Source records
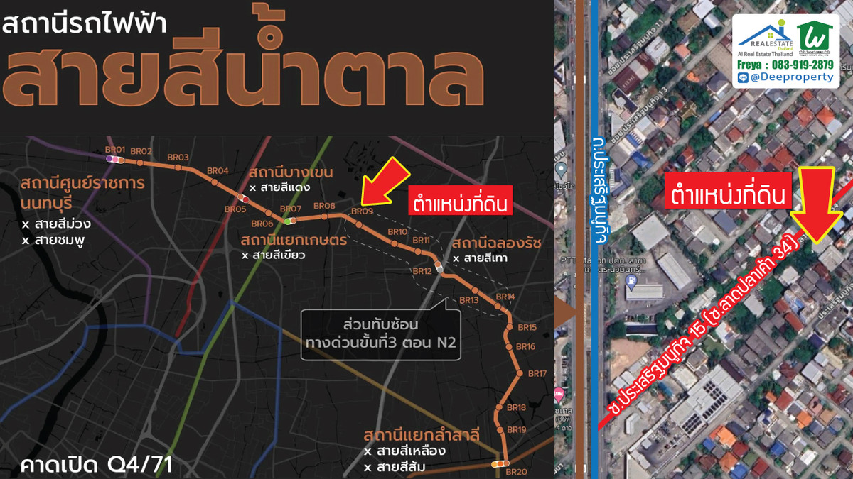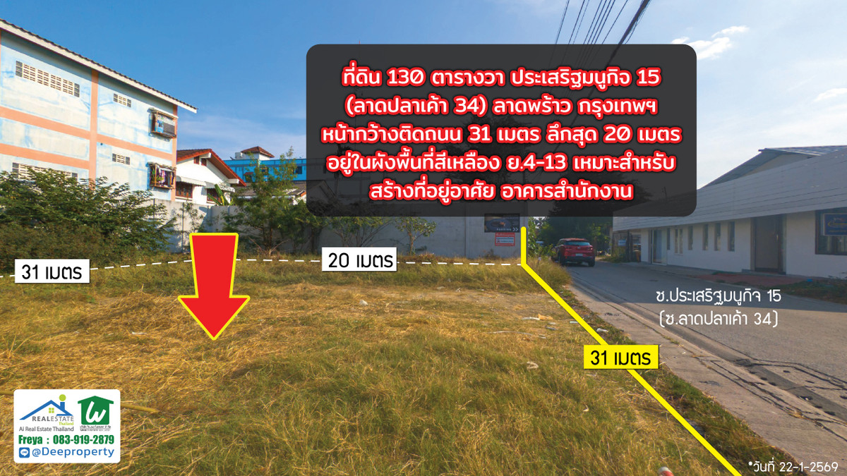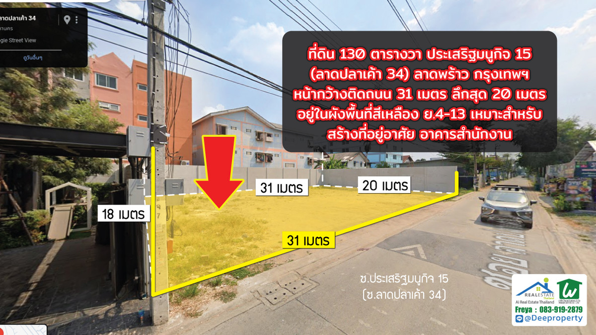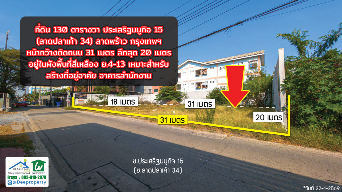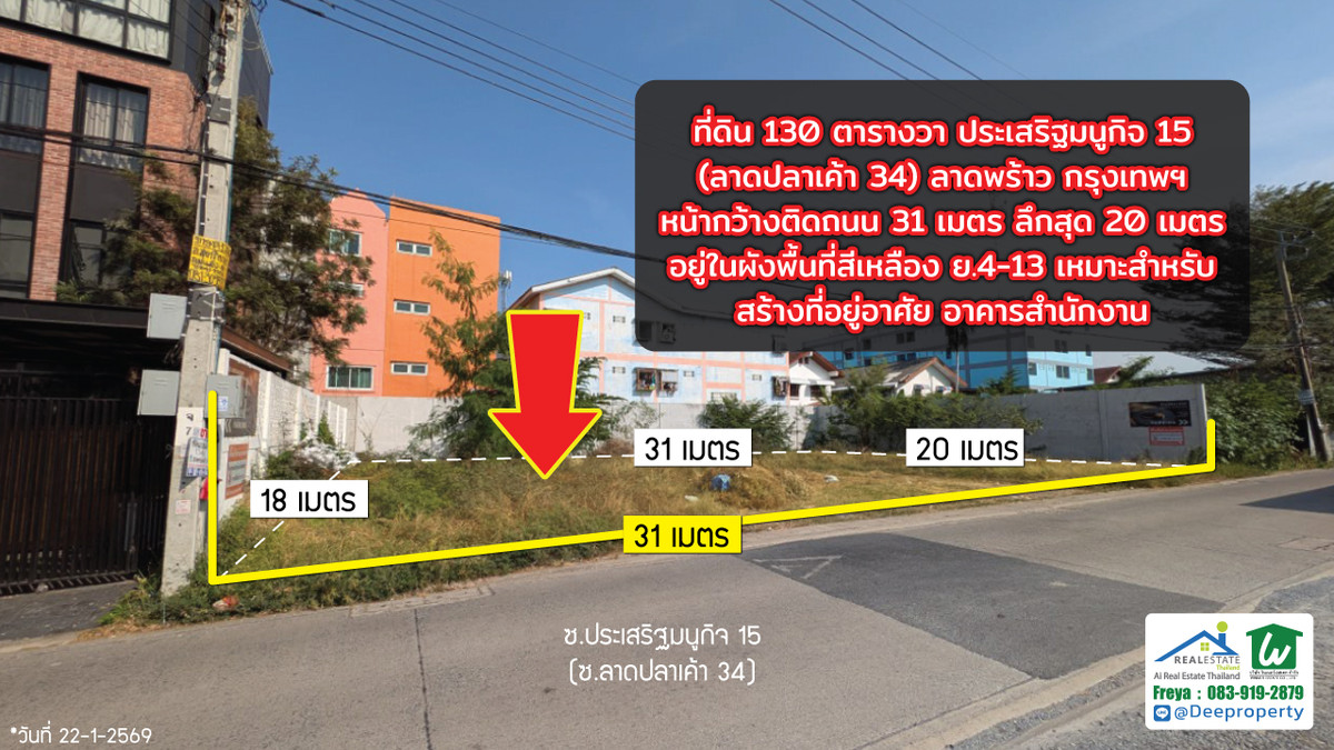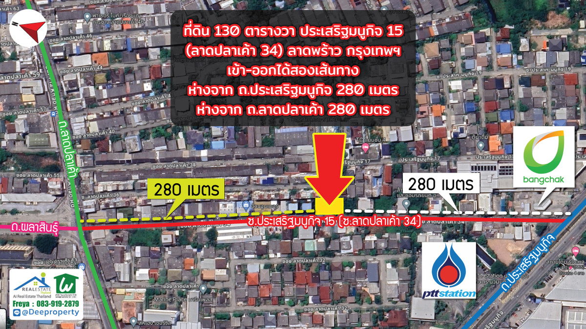 🌏 Prime Development Land for Sale – Kaset–Nawamin Growth Corridor, Bangkok . 📍 Soi Prasert-Manukit 15 (Soi Lat Pla Khao 34) 📌 Only 280 meters from Prasert-Manukit Main Road . 📐 Land Area: 134 sq.wah 📏 Wide 31-meter frontage , 20-meter depth 🟠 Orange Zoning (Medium-Density Residential) 🚆 Close to the future MRT Brown Line (infrastructure expansion zone) . 💼 Investment Highlights . ✔ Located in the rapidly developing Kaset–Nawamin / Lat Phrao district ✔ Positioned within an established residential and commercial community ✔ Dual access via Prasert-Manukit Road and Lat Pla Khao Road ✔ Surrounded by fuel stations (Bangchak, PTT), retail shops, local businesses ✔ Strong long-term capital appreciation potential driven by transit expansion . 🏗 Suitable for: . • Luxury private residence • Boutique apartment development • Low-rise office building • Home office / clinic • Land banking for future appreciation . This plot offers an attractive entry price point compared to core CBD areas, while still benefiting from strong urban connectivity and planned infrastructure growth. . Bangkok’s northeastern corridor continues to see consistent demand from middle- to upper-income residential buyers and SME businesses. . 📞 Contact (English-speaking representative) Freya : Contact number , Contact number 📲 Line: @deeproperty (please include @) 🌐 www.deeproperty.net . #BangkokLandForSale , #KasetNawamin , #LatPhraoProperty , #PrasertManukit15 , #BangkokInvestment , #ThailandProperty , #DevelopmentLandBangkok , #OrangeZoneBangkok , #MRTBrownLine , #DeeProperty
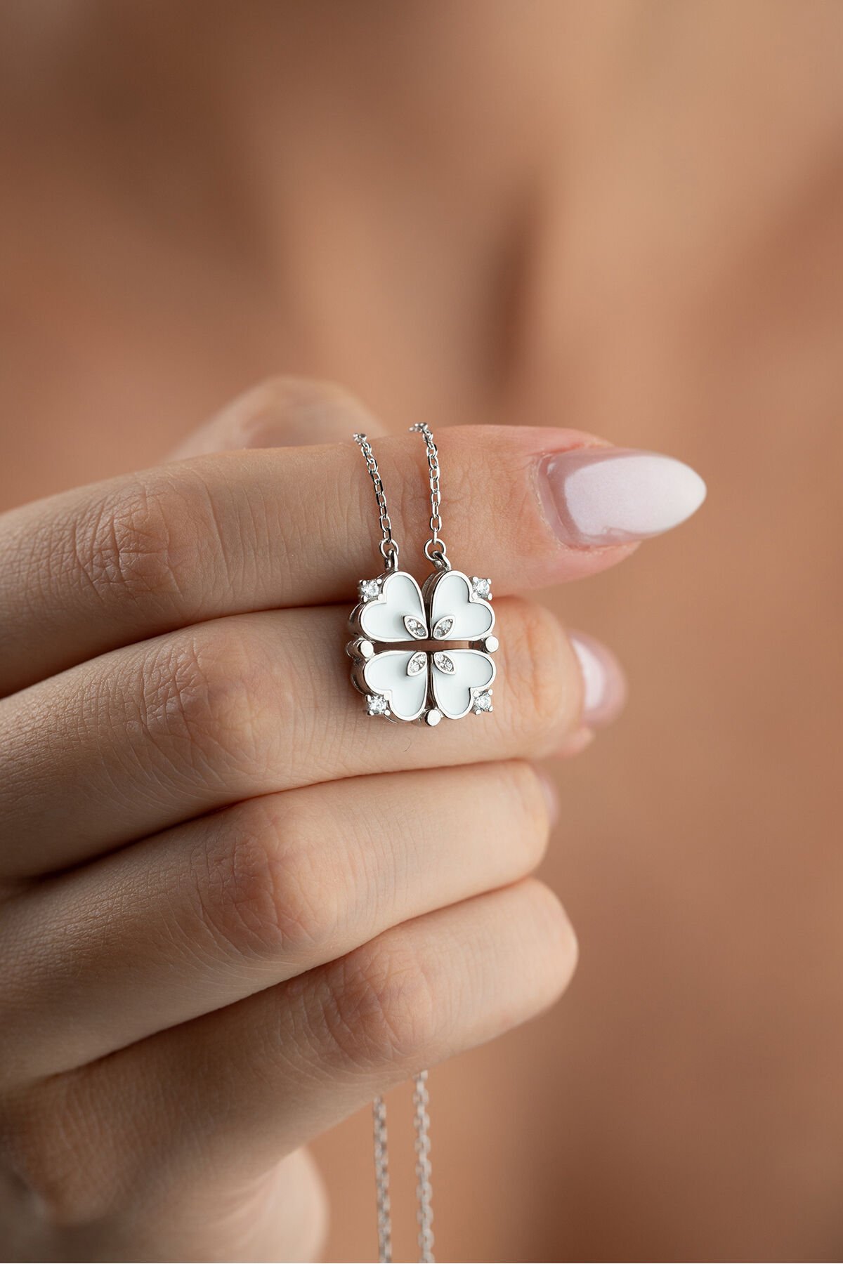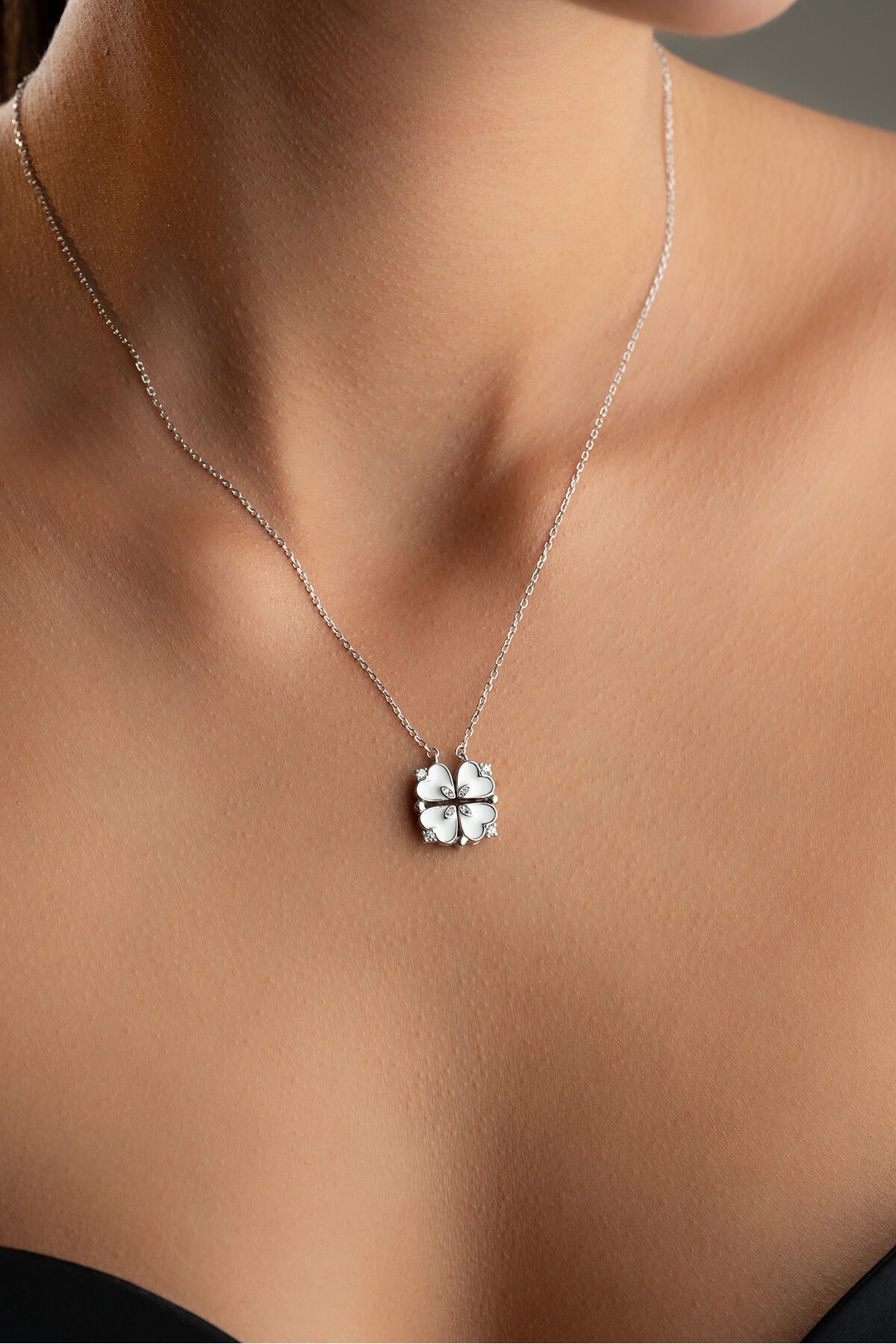 925 Ayar Gümüş Mıknatıslı Yonca Kolye
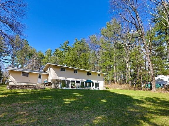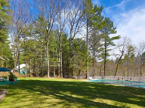Beautiful 4 bed 2.5 bath California contemporary with 2-car garage, located steps from Hop Brook Conservation Land! Enjoy miles of walking/jobbing trails, an abundance of wildlife and cross-country skiing and even skating on the pond in the winter! Circular driveway, tennis court with basketball hoops, amazing backyard with views, in-ground pool, level lot, two big garden beds and a massive patio for entertaining highlight the exterior! Granite kitchen with tiled backsplash and breakfast bar opening to formal dining room with vaulted ceiling will impress! Living room with remarkable stone fireplace and vaulted ceiling, fresh paint and hardwood floors throughout rounds out the 1st floor. 2nd floor with three generously sized bedrooms including a master suite with en suite bath and his and hers closets. All baths feature granite countertops. Large game room, family room, guest room, half bath, laundry room and 2014 natural gas energy saver heating system are presented in the lower level.
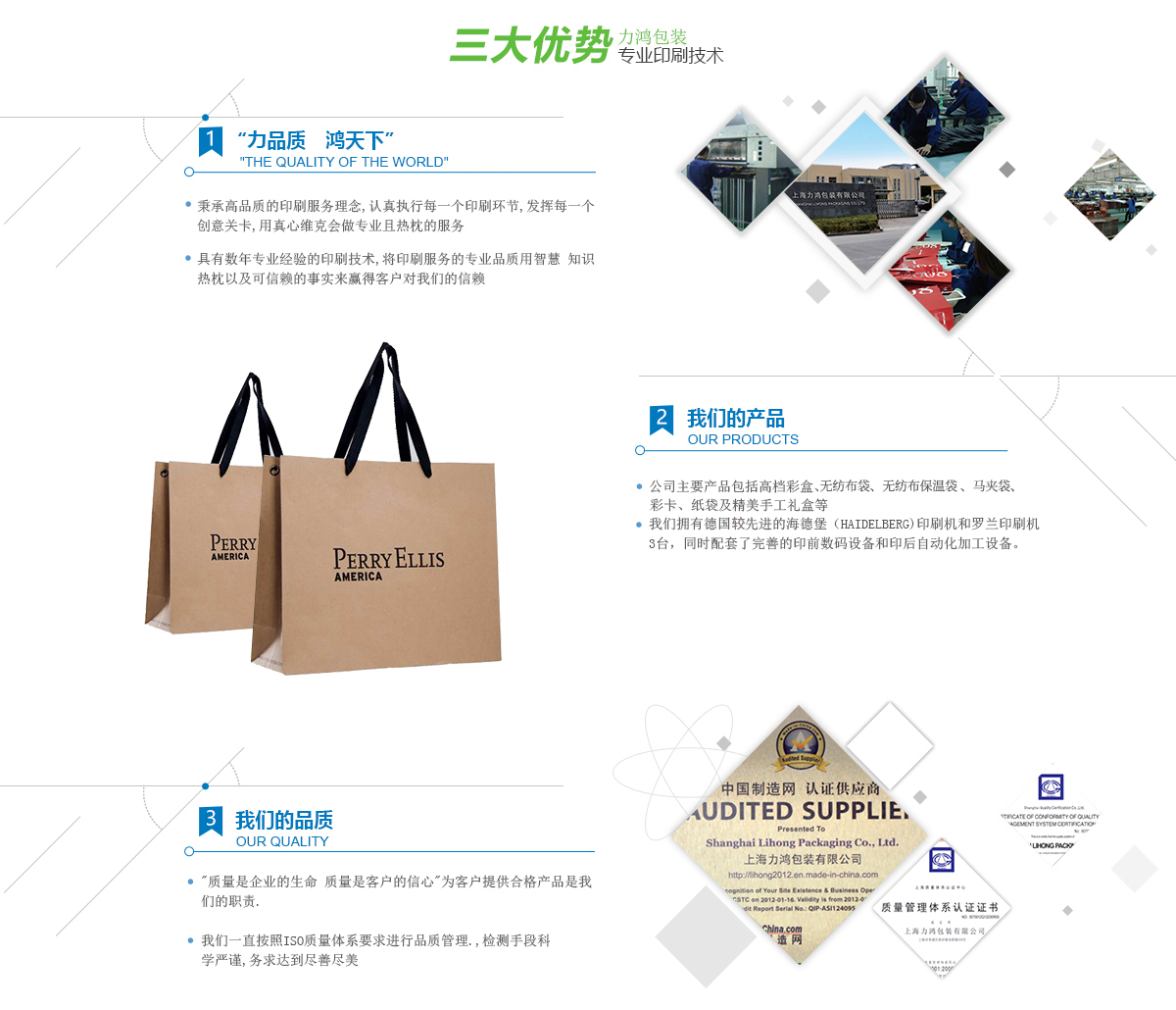 力鴻包裝有限公司創(chuàng)立于2007年,位于上海大虹橋商圈,毗鄰國(guó)家會(huì)展中心,廠(chǎng)區(qū)建筑面積15000多平方米,公司經(jīng)過(guò)十幾年的高速發(fā)展,現(xiàn)已成為一家以生產(chǎn)紙制品、印刷包裝為主的中大型專(zhuān)業(yè)印刷企業(yè)。公司主要產(chǎn)品包括彩盒、無(wú)紡布袋、 無(wú)紡布保溫袋、馬夾袋、彩卡、紙袋及精美手工禮盒等。我們擁有德國(guó)先進(jìn)的海德堡(HAIDELBERG)印刷機(jī)和羅蘭印刷機(jī)3臺(tái),同時(shí)配套了完善的印前數(shù)碼設(shè)備和印后自動(dòng)化加工設(shè)備。 為客戶(hù)提供優(yōu)良的產(chǎn)品和滿(mǎn)意的服務(wù)使我們孜孜不倦的追求,為此我們不斷精益求精、銳意創(chuàng)新,目前我司擁有專(zhuān)業(yè)技術(shù)工人100余人,他們的專(zhuān)業(yè)知識(shí)和敬業(yè)樂(lè)群的職業(yè)精神已落入到每一項(xiàng)產(chǎn)品和服務(wù)當(dāng)中,我們有豐富的出口操作和OEM項(xiàng)目管理經(jīng)驗(yàn),為您解決一切顧慮。我們可以為海內(nèi)外客戶(hù)提供物美價(jià)廉的產(chǎn)品和便利的服務(wù)。 我們一直以“力品質(zhì)、鴻天下”為企業(yè)宗旨,以“服務(wù)顧客”為企業(yè)使命,并在持續(xù)經(jīng)營(yíng)的發(fā)展過(guò)程...更多>
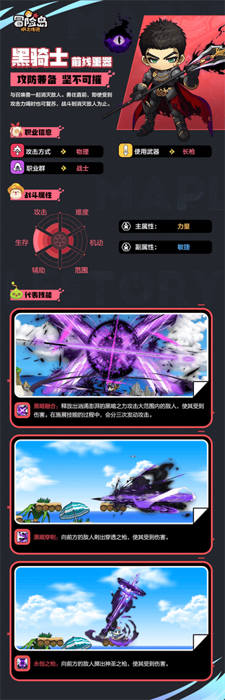 ·如果玩过冒险岛类游戏的话,黑骑士他的防御以及攻击都算是比较平衡的,所以没有什么特别亮眼的地方,除了不用等待回合冷却的技能之外,其他方面都跟战士属性差不多。
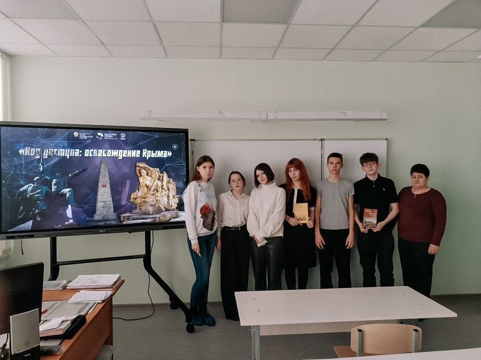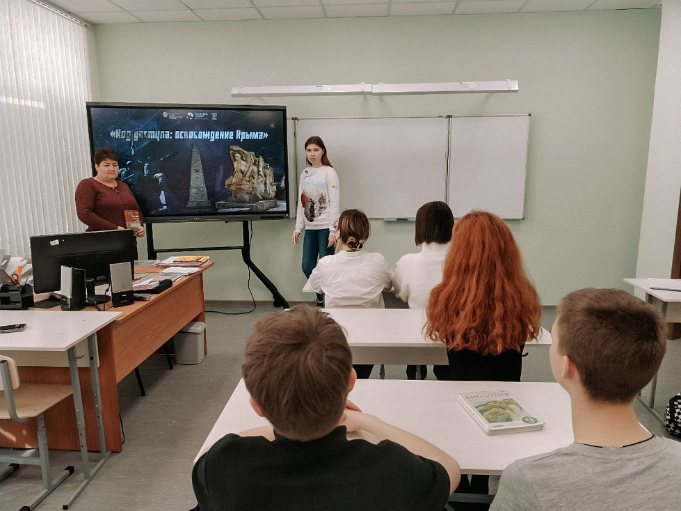 Также «Волонтеры Победы» Курской области совместно с работниками Культурного центра семейного чтения и досуга им. А.П. Гайдара представили вниманию учеников курской школы №41 видеоэкскурсию «Код доступа: освобождение Крыма» о событиях истории полуострова Крым в годы Великой Отечественной войны. Ученики школы №60 приняли участие во Всероссийском уроке «День воссоединения Крыма с Россией».
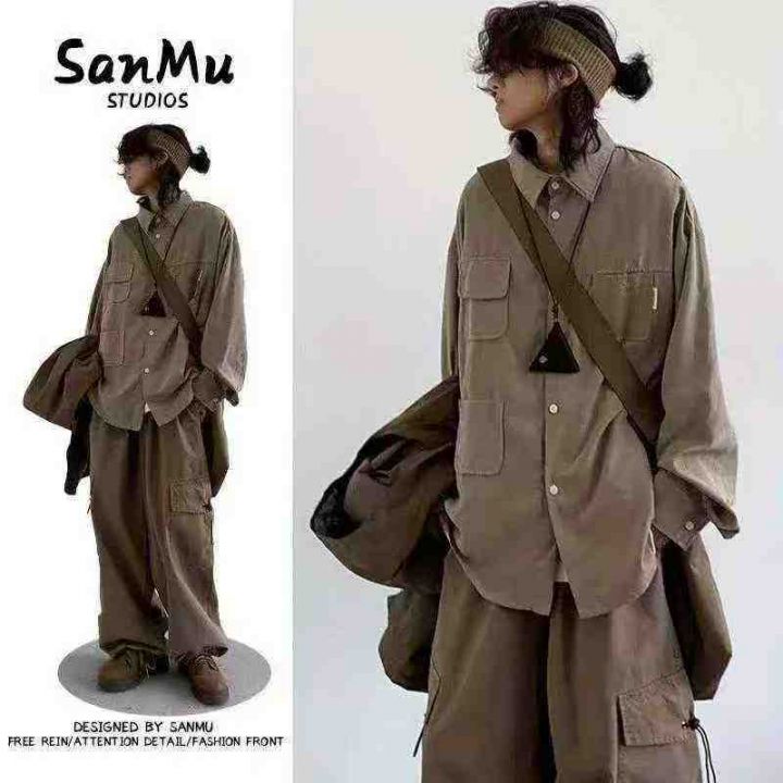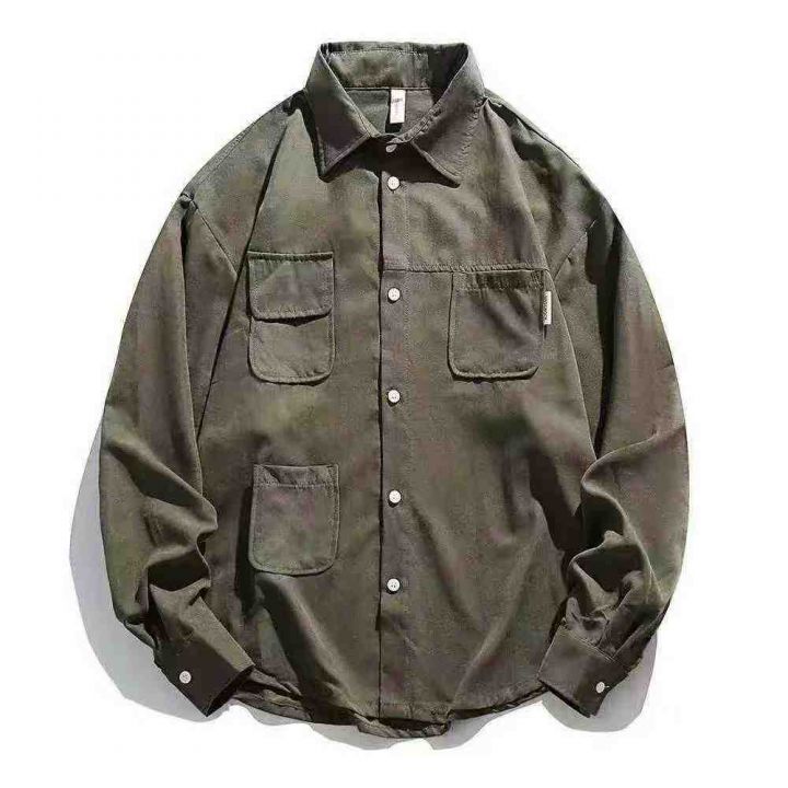 春秋季日系复古宽松工装衬衫男女生麂皮绒基础款多口袋休闲外套潮,数量:237件,码数:M-2XL,分货➕1,(货号105/5)

**What is needed:** Word for word and without pictures, please write out only the lines from the start of the entries through the line containing "925 Ayar Gümüş Mıknatıslı Yonca Kolye", both included.

**Reply:**
 🌏 Prime Development Land for Sale – Kaset–Nawamin Growth Corridor, Bangkok . 📍 Soi Prasert-Manukit 15 (Soi Lat Pla Khao 34) 📌 Only 280 meters from Prasert-Manukit Main Road . 📐 Land Area: 134 sq.wah 📏 Wide 31-meter frontage , 20-meter depth 🟠 Orange Zoning (Medium-Density Residential) 🚆 Close to the future MRT Brown Line (infrastructure expansion zone) . 💼 Investment Highlights . ✔ Located in the rapidly developing Kaset–Nawamin / Lat Phrao district ✔ Positioned within an established residential and commercial community ✔ Dual access via Prasert-Manukit Road and Lat Pla Khao Road ✔ Surrounded by fuel stations (Bangchak, PTT), retail shops, local businesses ✔ Strong long-term capital appreciation potential driven by transit expansion . 🏗 Suitable for: . • Luxury private residence • Boutique apartment development • Low-rise office building • Home office / clinic • Land banking for future appreciation . This plot offers an attractive entry price point compared to core CBD areas, while still benefiting from strong urban connectivity and planned infrastructure growth. . Bangkok’s northeastern corridor continues to see consistent demand from middle- to upper-income residential buyers and SME businesses. . 📞 Contact (English-speaking representative) Freya : Contact number , Contact number 📲 Line: @deeproperty (please include @) 🌐 www.deeproperty.net . #BangkokLandForSale , #KasetNawamin , #LatPhraoProperty , #PrasertManukit15 , #BangkokInvestment , #ThailandProperty , #DevelopmentLandBangkok , #OrangeZoneBangkok , #MRTBrownLine , #DeeProperty
 925 Ayar Gümüş Mıknatıslı Yonca Kolye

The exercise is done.